In the paper dataset acquisition phase:
Wang and his teammates selected papers from multiple top conferences including CVPR and ICML over the years as basic data, extracting text content from paper titles, abstracts, introductions, methods, experiments, results, and discussion sections. The English text content of these papers has an overall high expression level, with a total of more than 30,000 papers.
"We needed to write a large amount of simple repetitive code to complete dataset collection. Baidu Comate helped us effectively improve work efficiency in this环节," Wang introduced. Through Baidu Comate's real-time code completion, comment generation, and other functions, they completed a large amount of code for paper data crawling, processing, and cleaning, automatically extracting text from papers to complete massive paper data collection, reducing manual processing workload and improving overall work efficiency by about 50%.
In the Chinese-English text pair production phase:
Wang and his teammates chose to use the ERNIE large model with stronger Chinese capabilities to create Chinese-English data pairs from the collected English materials. "As a native Chinese large model, ERNIE has higher accuracy and fluency in understanding Chinese questions and generating Chinese content. The quality of Chinese-English data pairs generated by ERNIE is also higher," Wang introduced.

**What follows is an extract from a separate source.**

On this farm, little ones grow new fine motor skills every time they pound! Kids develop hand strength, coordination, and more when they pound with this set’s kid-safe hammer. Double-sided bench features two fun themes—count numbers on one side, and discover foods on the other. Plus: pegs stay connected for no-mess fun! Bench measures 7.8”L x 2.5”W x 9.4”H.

In this process, Baidu Comate's "Comate Open Platform" and "AutoWork" functions further reduced their workload. The "Comate Open Platform" function refers to Baidu Comate opening third-party developer tools and online services to support knowledge extension and capability extension, allowing development teams to connect their own or third-party capabilities and services to the programming site, helping development teams build their customized capabilities and build R&D assistants more suitable for their teams. AutoWork can deeply understand local codebases and internal private domain knowledge. Developers only need to clarify development "goals" and "intentions," and AutoWork can automatically retrieve necessary background knowledge, independently analyze product requirements, match the best solutions, and generate code to quickly meet development needs.
By mounting the ERNIE large model API documentation in the knowledge center of the "Comate Open Platform," Wang and his teammates no longer needed to spend大量时间翻阅文档、理解技术逻辑,只需通过"AutoWork"功能使用自然语言发出指令或提问,AutoWork就能够直接根据 API 文档中的编码规范和要求,迅速生成对应代码,快速实现调用文心大模型进行数据翻译的开发需求。

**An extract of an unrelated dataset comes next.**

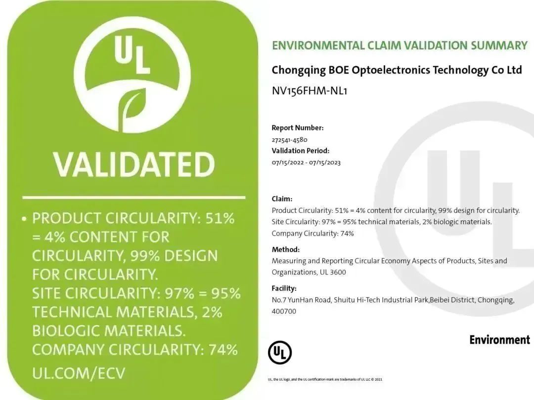 針對“雙碳”及環(huán)境管理方面,京東方逐步推行能源管理體系、產(chǎn)品碳足跡、廢棄物零填埋、循環(huán)經(jīng)濟(jì)系數(shù)等一系列國際標(biāo)準(zhǔn)認(rèn)證,2022年,重慶京東方獲得 UL 3600 循環(huán)經(jīng)濟(jì)系數(shù)驗(yàn)證證書及 UL 2799 廢棄物零填埋金級驗(yàn)證證書,是中國大陸首家通過 UL 3600 循環(huán)經(jīng)濟(jì)系數(shù)認(rèn)證并取得認(rèn)證證書的企業(yè)。

Finally, using the generated text data pairs to build a knowledge base, and applying retrieval augmentation technology can further improve paper translation and polishing quality, producing high-quality English papers.
Currently, "Paperpolisher 论文助手" has been officially launched in the PaddlePaddle Community Application Center. This application features Chinese-English translation, English long sentence simplification, and English polishing functions. Simply upload a paper with one click, and the large model will automatically generate high-quality content that conforms to English paper writing norms.
Baidu Tech Salon
Baidu Tech Salon, organized by Baidu's Technology Management Department, is a monthly offline event that shares cutting‑edge tech trends from Baidu and the industry, providing a free platform for mid‑to‑senior engineers to exchange ideas.
How this landed with the community
Was this worth your time?
0 Comments
Thoughtful readers leave field notes, pushback, and hard-won operational detail here.